Novelty and Diversity in Retrieval Evaluation
MetadataShow full item record
Queries submitted to search engines rarely provide a complete and precise description of a user's information need. Most queries are ambiguous to some extent, having multiple interpretations. For example, the seemingly unambiguous query ``tennis lessons'' might be submitted by a user interested in attending classes in her neighborhood, seeking lessons for her child, looking for online videos lessons, or planning to start a business teaching tennis. Search engines face the challenging task of satisfying different groups of users having diverse information needs associated with a given query. One solution is to optimize ranking functions to satisfy diverse sets of information needs.

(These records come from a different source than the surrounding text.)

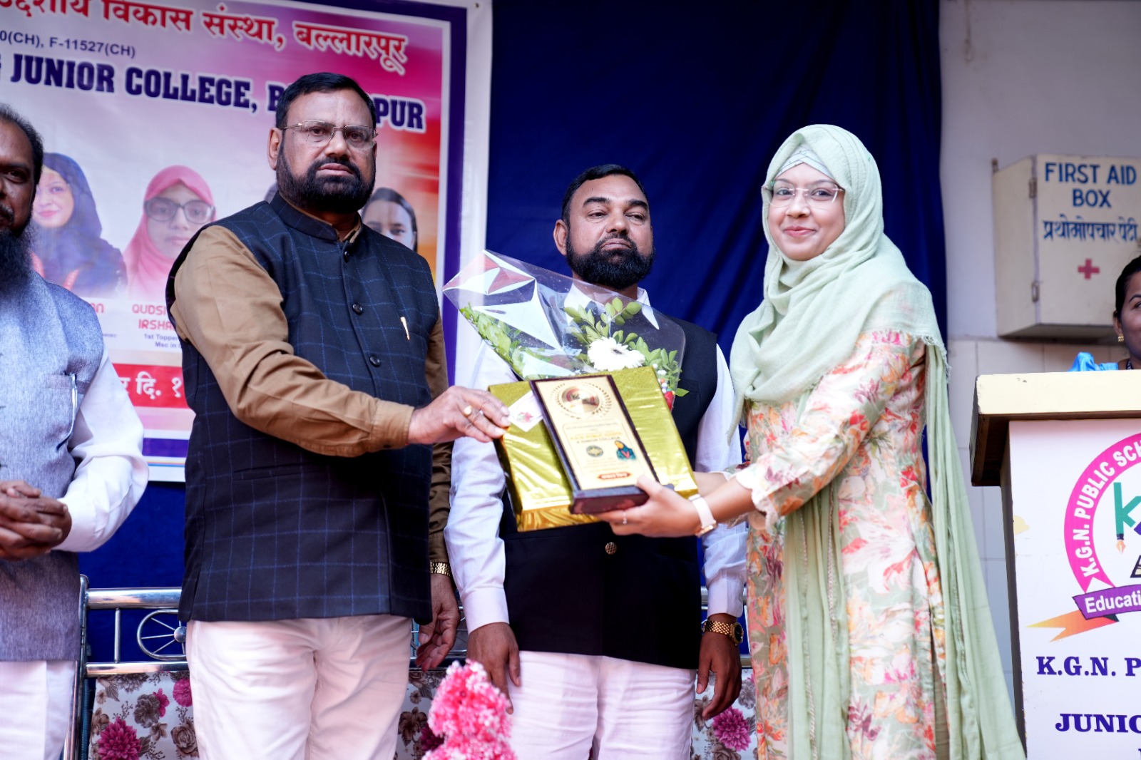 ख्वाजा गरीब नवाज अल्पसंख्याक बहुउद्देशीय विकास संस्था, बल्लारपूर संचलित KGN पब्लिक स्कूल आणि कनिष्ठ महाविद्यालयाने अल्पसंख्याक मुस्लिम समाजातील हुशार आणि उच्च शिक्षित मुलींचा सत्कार केला, ज्यामध्ये अलीकडे सोनी वाहिनीवर लोकप्रिय टीव्ही शो कौन बनेगा करोडपती (KBC) प्रसारित झाला. होस्ट प्रसिद्ध सिने अभिनेते अमिताभ बच्चन यांच्या विरुद्ध हॉट सीटवर पोहोचणारी सामाजिक कार्यकर्ते महमूदखान पठाण यांची मुलगी जमजमने, चार्टर्ड अकाउंटंट (सीए) परीक्षेत यश संपादन केलेली फिरदोस सय्यद, गोंडवाना विद्यापीठातून भौतिकशास्त्रात भारताचे महामहिम राष्ट्रपती दौपदी मुर्मू च्या हस्ते सवर्णपदक मिळवणारी सदफ अन्सारी, आणि रसायनशास्त्र विषयात विद्यापीठातील टॉपर कुदसिया सिद्दीकी यांच्या शिक्षक आमदार सुधाकरजी अडबाले सर यांच्या हस्ते स्मृतीचिन्ह, फुलांचा गुच्छ आणि भेटवस्तू देऊन सत्कार करण्यात आला. कार्यक्रमाच्या अध्यक्षस्थानी शाळेचे संस्थापक शेख महेमूद होते. यावेळी व्यासपीठावर शाळेच्या मुख्याध्यापिका सुजाता करमणकर, उपमुख्याध्यापिका सीमा माकडे, शाळेच्या प्रशासक झीनत खान उपस्थित होते. यावेळी पाहुण्यांनीही शाळेतील विद्यार्थ्यांना मार्गदर्शन करून कार्यक्रम यशस्वी करण्यासाठी प्रयत्न केले.
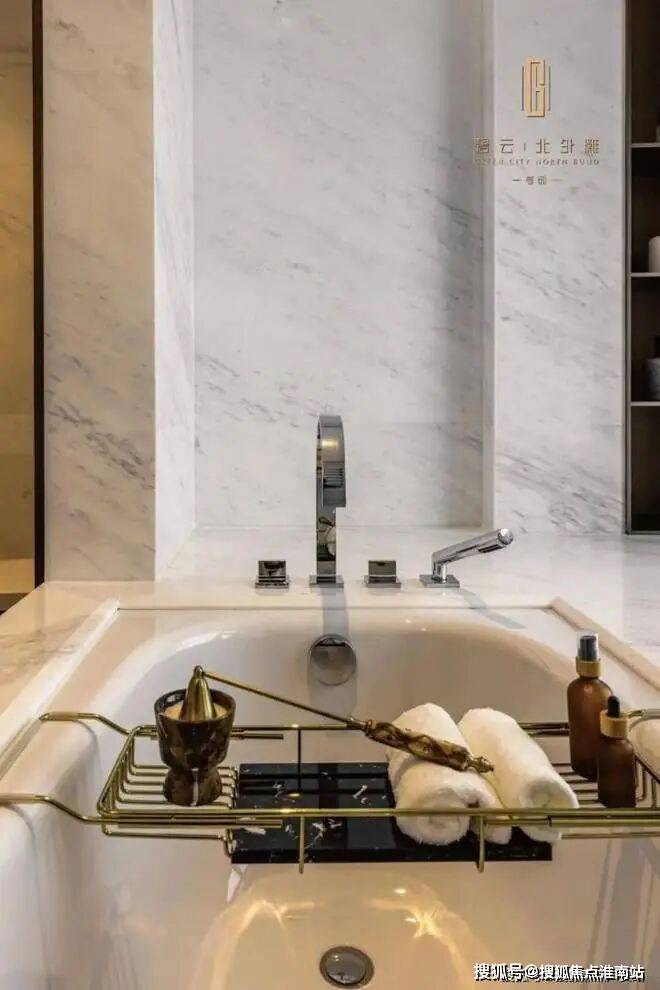 厨卫方面,西厨定制高柜,容纳嘉格纳蒸烤一体机、嘉格纳双开门冰箱、洗手台以及各类收纳空间;中厨自带嘉格纳灶具、油烟机和洗碗机。主卫配置劳芬台盆、浴缸和独立卫浴洁具空间、独立淋浴空间配备当代的花洒,顶部有松下暖风机,还配置了电热毛巾架。
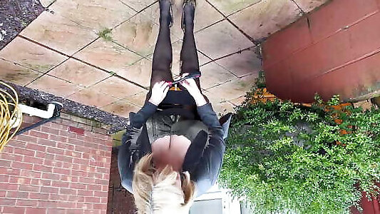 Slutty mother-in-law spreads her legs wide to pee in a public park
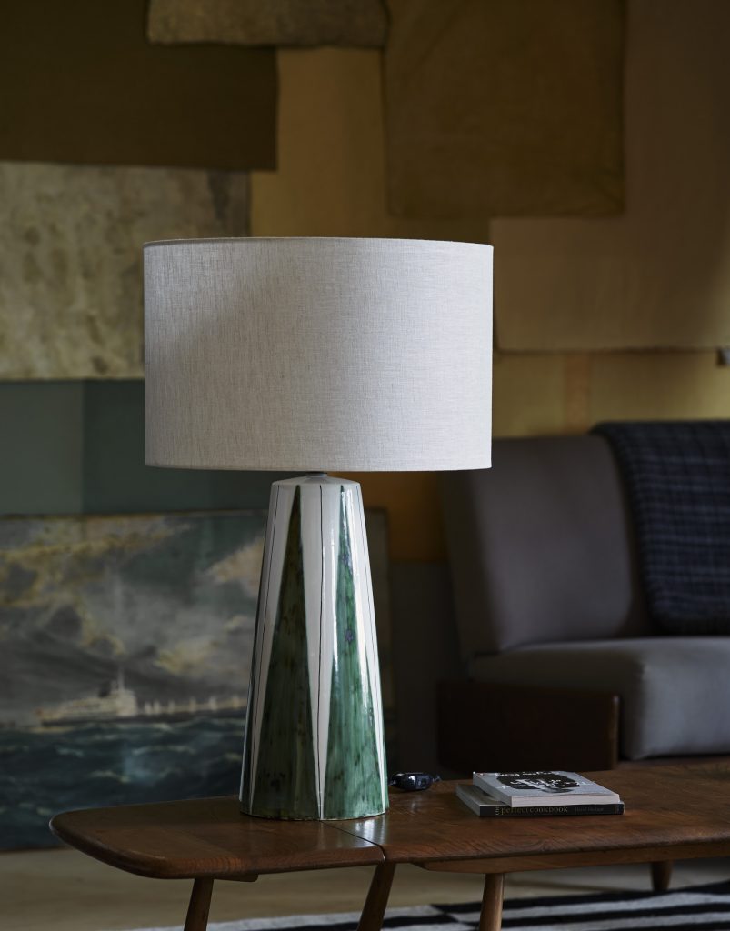 The Mid-century Modern LB1 Table Lamp in our Soho Stripe decoration, hand-painted in Denmark Green. Originally designed for the White City House hotel in the BBC’s former Helios HQ in London. Sits well as a mis-matched pair with our Cascade Design in Denmark Green.
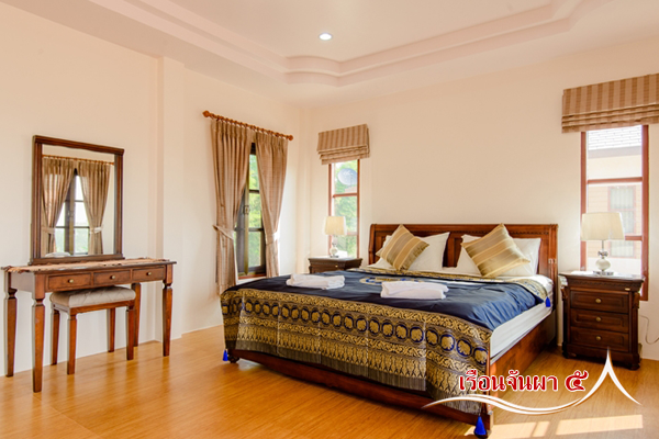 เรือนจันผา ๕ on 28 เมษายน 2557. Posted in บ้านพักหลังเดี่ยว ลักษณะเรือนพัก : เรือนเดี่ยว รายละเอียด : 1 ห้องนอน 1 ห้องน้ำ 2 เตียง 3.5 ฟุต ราคา : หลังละ 3,000 บาท จำนวนผู้เข้าพัก : 2 ท่าน (พร้อมอาหารเช้า) ที่นอนเสริม : - สิ่งอำนวยความสะดวก : แอร์, ทีวีดาวเทียม, ตู้เย็น, เครื่องทำน้ำอุ่น, ชุดรับแขก
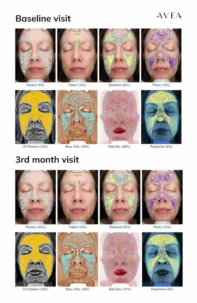 - Red areas (Inflammation): Reduced inflammation by 11.8% initially, with continued improvement to 4.4% by three months.
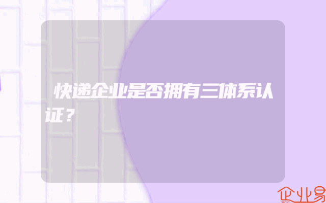 - 快递企业是否拥有三体系认证引言随着物流行业的快速发展,快递企业作为物流行业的重要组成部分,其服务质量和管理水平受到广泛关注。其中,企业是否拥有三体系认证是衡量其管理水平和服务质量的重要指标之一。三体系认证包括ISO质量管理体系认证、
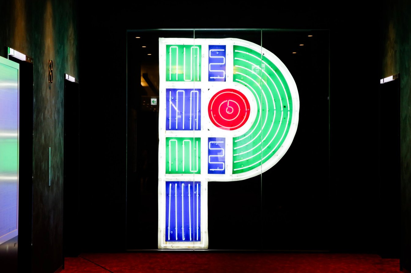 渋谷パルコに展示されているネオンサイン「P」。「R」「C」も同様に展示されているが「A」と「O」は渋谷には設置されていない。

Unfortunately, existing evaluation frameworks do not support such optimization. Instead, ranking functions are rewarded for satisfying the most likely intent associated with a given query. In this thesis, we propose a framework and associated evaluation metrics that are capable of optimizing ranking functions to satisfy diverse information needs. Our proposed measures explicitly reward those ranking functions capable of presenting the user with information that is novel with respect to previously viewed documents. Our measures reflects quality of a ranking function by taking into account its ability to satisfy diverse users submitting a query. Moreover, the task of identifying and establishing test frameworks to compare ranking functions on a web-scale can be tedious. One reason for this problem is the dynamic nature of the web, where documents are constantly added and updated, making it necessary for search engine developers to seek additional human assessments. Along with issues of novelty and diversity, we explore one approximate approach to compare different ranking functions by overcoming the problem of lacking complete human assessments. We demonstrate that our approach is capable of accurately sorting ranking functions based on their capability of satisfying diverse users, even in the face of incomplete human assessments.